Last Updated: October 5, 2022

Introduction to Factor XIII

Factor XIII is also called protransglutaminase, fibrin stabilizing factor (FSF), and fibrinoligase. Factor XIII is found both in the plasma and in platelets. The plasma version is a heterodimeric enzyme composed of two A and two B subunits. The A subunit possesses the catalytic activity. The platelet version of factor XIII is composed of the A subunits only.

Factor XIII is activated (XIIIa) by thrombin in presence of Ca2+. Following activation of plasma factor XIII the B subunits are dissociated resulting in the same enzyme as in platelets. The function of XIIIa is to cross-link fibrin monomers thereby stabilizing the fibrin clot.

Deficiency of factor XIII is inherited as an autosomal recessive trait and can be due to mutations in both the genes encoding the A and B subunits (type I factor XIII deficiency) or just the gene encoding the A subunit (type II factor XIII deficiency).

Molecular Biology of Factor XIII

The A subunit is encoded by the F13A1 gene. The F13A1 gene is located on chromosome 6p25.1 and is composed of 15 exons encoding a 732 amino acid preproprotein.

The B subunit is encoded by the F13B gene. The F13B gene is located on chromosome 1q31.3 and is composed of 13 exons that encode a 661 amino acid preproprotein.

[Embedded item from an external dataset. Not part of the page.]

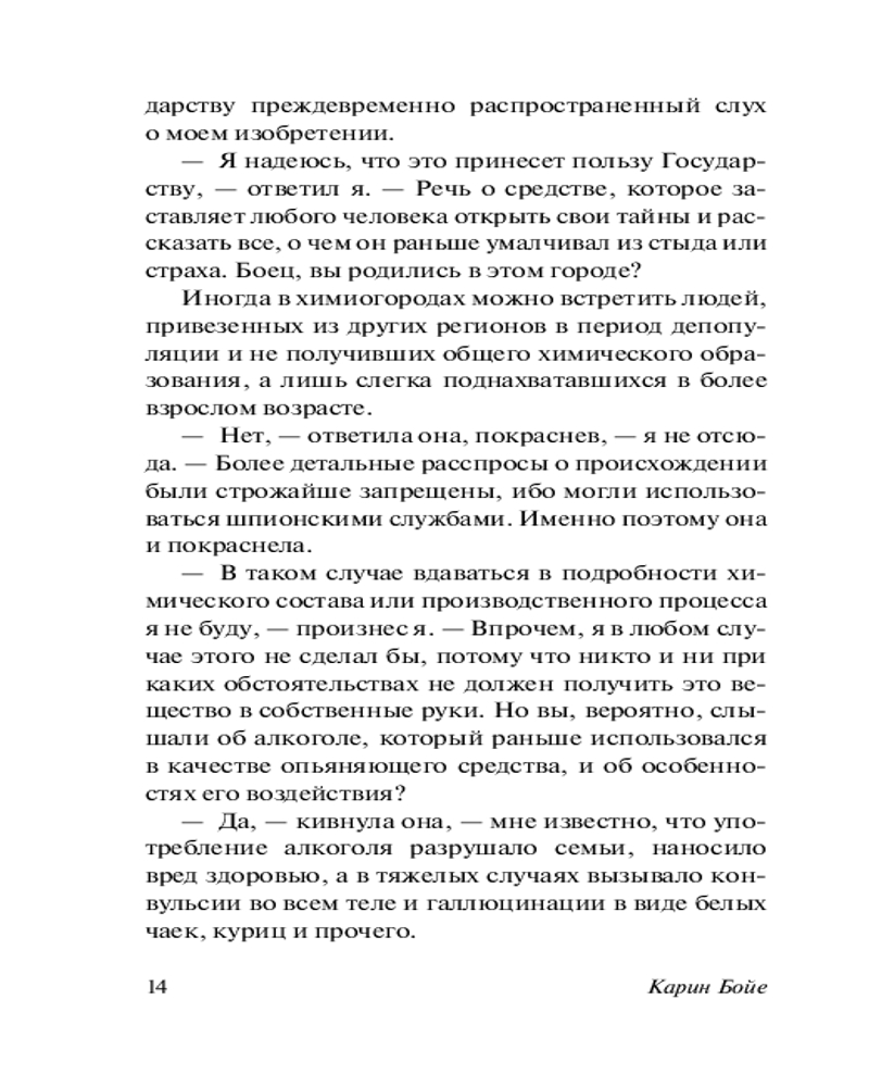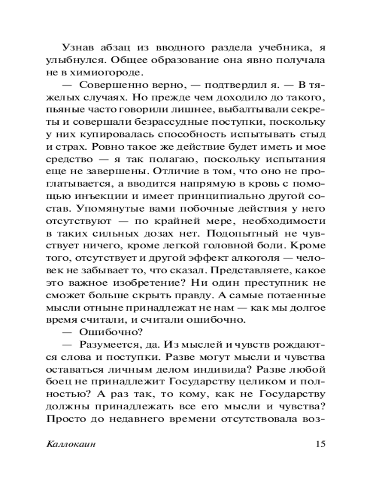Серия: Эксклюзивная классика. Лучшее В Мировом Государстве, в Химиогороде №4, где для осуществления тотального контроля за людьми ведется постоянное наблюдение и прослушка, а доносы являются долгом каждого порядочного бойца, живет талантливый химик Лео Калль. Он создает сыворотку правды под названием «каллокаин». Открытием заинтересовывается амбициозный шеф полиции Каррек, ведь благодаря препарату можно будет узнать преступные тайны и замыслы жителей Государства. Бойцу Каллю, истинному патриоту, предстоит многое узнать и об окружающих людях, и о самом себе... |
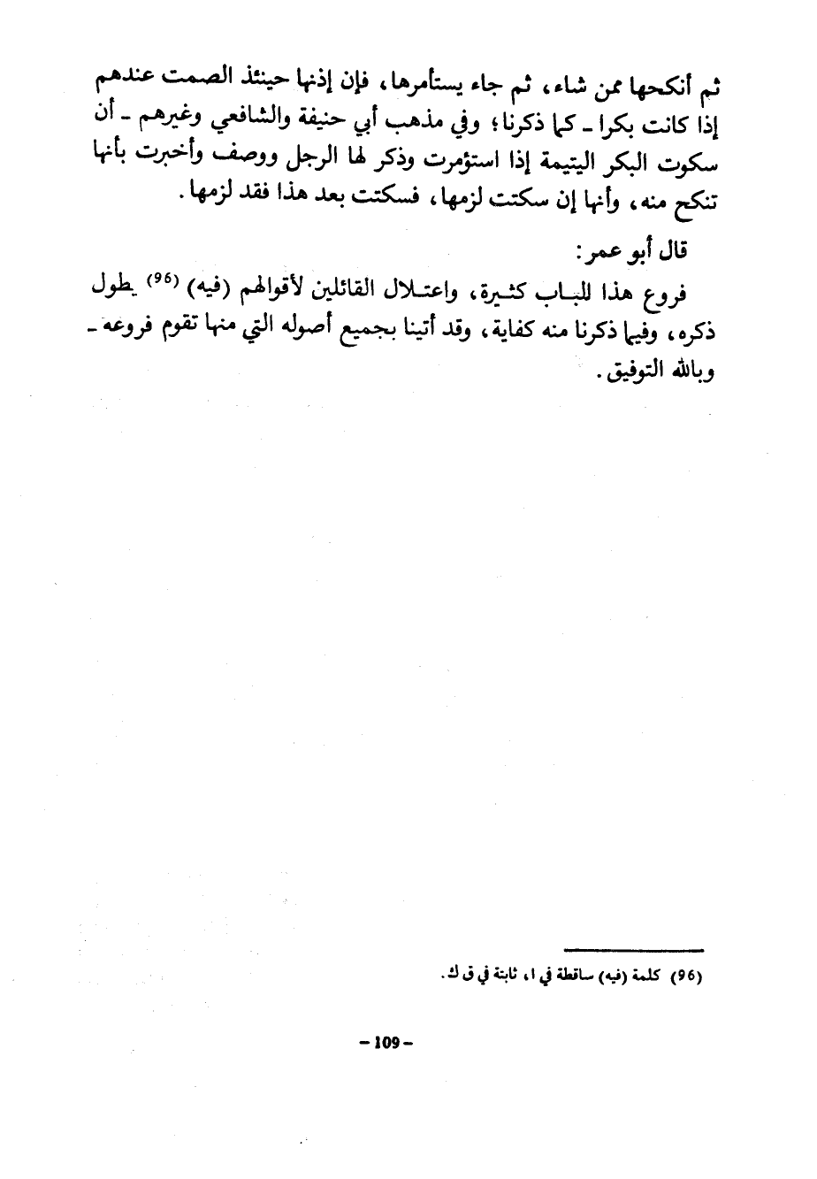 ثُمَّ أَنْكَحَهَا مِمَّنْ شَاءَ ثُمَّ جَاءَ يَسْتَأْمِرُهَا فَإِنَّ إِذْنَهَا حِينَئِذٍ الصَّمْتُ عِنْدَهُمْ إِذَا كَانْتْ بِكْرًا كَمَا ذَكَرْنَا وَفِي مَذْهَبِ أَبِي حَنِيفَةَ وَالشَّافِعِيِّ وَغَيْرِهِمْ أَنَّ سُكُوتَ الْبِكْرِ الْيَتِيمَةِ إِذَا اسْتُؤْمِرَتْ وَذُكِرَ لَهَا الرَّجُلُ وَوُصِفَ وَأُخْبِرَتْ بِأَنَّهَا تُنْكَحُ مِنْهُ وَأَنَّهَا إِنْ سَكَتَتْ لَزِمَهَا فَسَكَتَتْ بَعْدَ هَذَا فَقَدَ لَزِمَهَا قَالَ أَبُو عُمَرَ فروع هذا الباب كثيرة واعتلال القائلين لأقولاهم (فِيهِ) يَطُولُ ذِكْرُهُ وَفِيمَا ذَكَرْنَا مِنْهُ كِفَايَةٌ وَقَدْ أَتَيْنَا بِجَمِيعِ أُصُولِهِ الَّتِي مِنْهَا تَقُومُ فروعه وبالله التوفيق

Clinical Features of Factor XIII Deficiency

Deficiency in factor XIII is characterized by delayed bleeding even though primary hemostasis is normal. Typical symptoms include neonatal bleeding from the umbilical cord, intracranial hemorrhage, soft tissue hematomas, recurrent spontaneous miscarriage, and abnormal wound healing. Umbilical cord bleeding after birth occurs in over 90% of afflicted individuals. Intracranial bleeding occurs in about 25% of individuals and is the leading cause of mortality in factor XIII deficiency.

Factor XIII, of the blood coagulation process, is also known as fibrin-stabilizing factor or fibrinoligase. Factor XIII is a heterotetramer composed of two A chains and two B chains (A2B2) held together by non-covalent bonds. The active site of the complex is within the A subunits and the B subunits are thought to stabilize the A subunits or serve as plasma carrier subunits. Thrombin cleaves a small peptide from the A chains which activates the transamidase activity.

Factor XIII is converted to its active form (XIIIa) by thrombin in the presence of Ca2+. The reaction catalyzed by factor XIIIa is the formation of γ-glutamyl-ε-lysine bonds between fibrin monomers as well as between fibrin and α2-plasmin inhibitor. Other proteins such as fibronectin, actin, and myosin have been shown to be substrates for factor XIIIa-induced cross-linking.

Patients who lack both the A and B subunits of factor XIII exhibit what is referred to as type I factor XIII deficiency. Most patients with factor XIII deficiency only lack functional subunit A protein with a frequency of around 1 in 5 million individuals. This form of the disorder is referred to as type II factor XIII deficiency. Factor XIII deficiency is normally treated with fresh frozen plasma, cryoprecipitate, or crude factor XIII concentrate from placenta.